Babies, it turns out, don’t tighten their sternums or their backs, or hold their heads in front of their necks as stressed-out adults do. Feldenkrais tries to get us back to the conditions that babies experience when they learn to move. They haven’t yet stretched or learned to strain. I’ve spent entire classes lying on the floor holding my big toe, gently lifting my head and my foot to rewire the primal movements that have gone askew.
My own body routines went haywire back in college, when an accumulation of all-nighters and long hours studying with my neck jutting toward my American history books left both shoulders throbbing with an ache that persisted. Massage was nirvana — for a few minutes. When things kept getting worse in my 20s, a variety of practitioners offered diagnoses ranging from a short right leg to nothing to worry about. (That last verdict came from an orthopedic surgeon who told me that if I wasn’t a candidate for surgery, he couldn’t help.)
I’ve had a few memorable disasters. The vertebrae in my lower neck shifted out of alignment on a canoeing trip in Nova Scotia, sending the muscles around them into spasm. My then-boyfriend had to do all the paddling and carry our packs for the rest of the trip.
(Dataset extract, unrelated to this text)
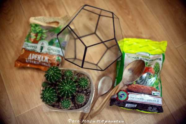 В первую очередь понадобится широкий и низкий аквариум или террариум. Можно найти подходящий в цветочном магазине или в том, где продаются товары для животных (подойдет аквариум для рыбок). В качестве дренажа можно использовать черепки битой глиняной посуды, керамзит, декоративные камешки или смесь всего перечисленного. Если добавить еще и уголь, то воздух в середине аквариума будет всегда свежим. Почвосмесь готовится самостоятельно или покупается готовой. И последнее, что понадобится, это, конечно же, сами растения. Рекомендуется комбинировать кактусы и суккуленты, выбирая виды, несколько разные по форме, цвету и размеру, тогда они красиво будут дополнять друг друга, хотя здесь уже стоит полагаться исключительно на собственный вкус. Тем самым следует руководствоваться и при высадке нескольких кактусов в один горшок.

I once left an arch support I convinced myself I could not live without in a rental car, never to find a suitable replacement that makes walking with certain shoes pain-free. My husband, a lifelong backpacker, has searched the Internet for an inflatable sleeping pad that’s comfortable enough for a tent.
Why I have pain and others with more crooked backs don’t is still a mystery. The best I have come up with is that a combination of genetics, poor eyesight, wear and tear, and a tendency to carry anxiety in my body contribute. And doctors tell me that people carry their vulnerabilities in different places.
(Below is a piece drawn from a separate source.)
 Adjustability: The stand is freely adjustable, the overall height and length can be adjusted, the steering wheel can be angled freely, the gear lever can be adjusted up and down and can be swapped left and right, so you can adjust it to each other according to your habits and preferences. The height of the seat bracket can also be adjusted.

“Undoing patterns often means telling the body to try not to try, to do less so you can feel more,” said Kresge, a musical-theater buff who discovered Feldenkrais in the late 1980s to help free her singing voice.
I’m still undoing my own patterns.
On a vacation in the Pacific Northwest last week, I zoomed down a steep playground slide, my 2-year-old nephew in my lap, and crash-landed on my tailbone. Unable to sit for more than five minutes and with my neck muscles seized up in their familiar pattern, I saw a skilled chiropractor — twice.
I felt better, but two days later the pain was back. After flying home, I was back in Feldenkrais class, which was devoted, luckily for me, to freeing the shoulders. We lay on our backs, bent our elbows at right angles and slowly moved our arms back and forward, lifting and lowering our necks and pelvises in different patterns. After class, I walked to my car, took some deep breaths and drove home, my neck in a much better place.